I run my fingers gently over my arm from wrist to crook. New hairs have sprouted where the arm was shaved, and their short sharpness creates electricity on the pads of my fingertips. The skin is raised slightly where the needles have done their beautiful damage, and a new layer of skin reclaims the surface and drinks in the cool, black ink.
I close my eyes.
A North African thunderstorm lumbers and languors overhead, the clouds heavy and pregnant and generous. Below, the earth is greening. She breathes in the moist air, exhaling fire into the blooms of the poppies that shine slick and bob gently on the hills outside of town.
I hear it now—the rain—tapping incessantly on the wet stone outside. A rooster crows from a neighbors roof. Flatware clinks as it is sorted into drawers in the third-floor kitchen. A woman’s voice calls down through the atrium in Arabic— soft and insistent and swirling with colonial influence.
I open my eyes. Here, just on the other side the patterned window glass that separates my small room from the common area, another voice calls up in response.
The sweet gears of the guesthouse continue to turn.
I breathe in… olive oil, mint, and freshly-baked bread. I breathe out… cinnamon, coffee, cream, and honey.
My leather journal shifts beneath my hands. Ah, yes, I was writing. What was I saying?
There is a membrane between myself and everything else. On the far side of this translucent film, another tempest is raging, marked by attachment, pain, rage, loss, and confusion. I rest here, in the eye of the storm.
I am utterly lost in the beauty of this moment, sublime and eternal. My pen pours ink smoothly onto the page as it rushes to keep up with my thoughts, my hand brushing over the suede cover as I make this commitment to the paper.
The near-darkness in which I lay is broken only by the faint orange glow, cast by the small warm bulb, hanging from the long metal chain, bolted to the massive stone ceiling, shielding me from the warm Moroccan rain, falling from the sooty African cloud that hangs low in the morning sky.
The shouting and haggling of the shop-keepers has disappeared. Do they sip strong coffee in the dark corners of the souks? The braying of the donkeys has ceased. Do they stand in the rain, munching hay with complete indifference to the weather? The song and laughter of a hundred schoolchildren has fallen still.

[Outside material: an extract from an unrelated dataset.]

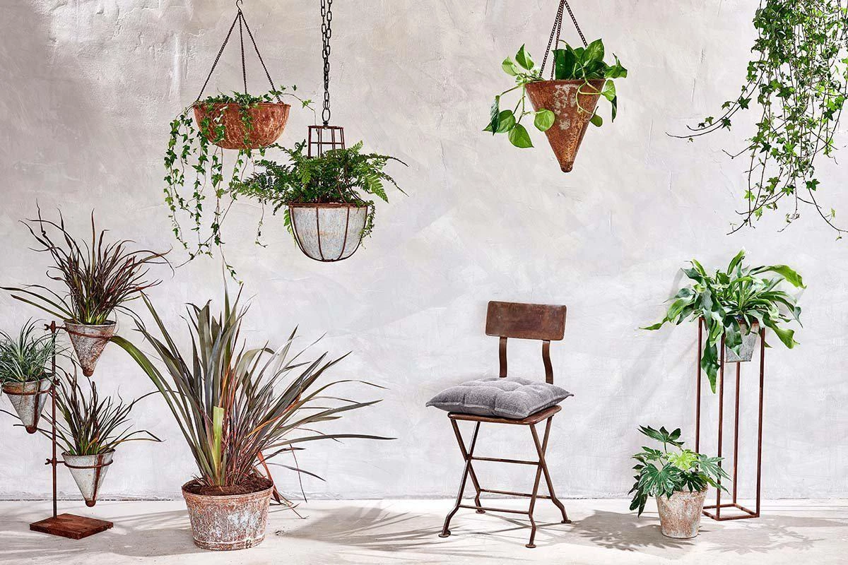 These well proportioned zinc hanging planters are supported with a rust coloured cage, that offers support and structure to the plants within.

Do they wait—quiet and hopeful—gazing through water-streaked windows and praying for an end to the storm so that they might resume that game of football in the narrow stone passages that race up and down between their homes?
Colors move beyond the opaque window beside my bed, betraying the Moroccan woman who cleans the common area beyond. While her form is obscured, the colors she is wearing dance and change shapes with the patterns of the glass. I can hear the ropey mop as it swishes across the patterned stone tile at her feet.
I sit here, propped in my bed, resting satisfied in my membrane of the now, witnessing the overwhelming beauty of a world that lays largely beyond the heavy wooden door of my small room, but reveals itself fully at my small hand on this small page.
I am on the inside, at last. In this moment, I am fully within myself. I’ve spent more than a half century searching, trying to tear my way through this membrane, seeing it as the thing that has kept us separate when it is quite the opposite; the very thing that has bound you to me, and me to you— the container of our shared light.
I place my pen in the spine of my journal and wrap it tight with the soft leather band. It rests on my lap as, again, I run my fingers across my slowly healing arm and listen to the storm outside.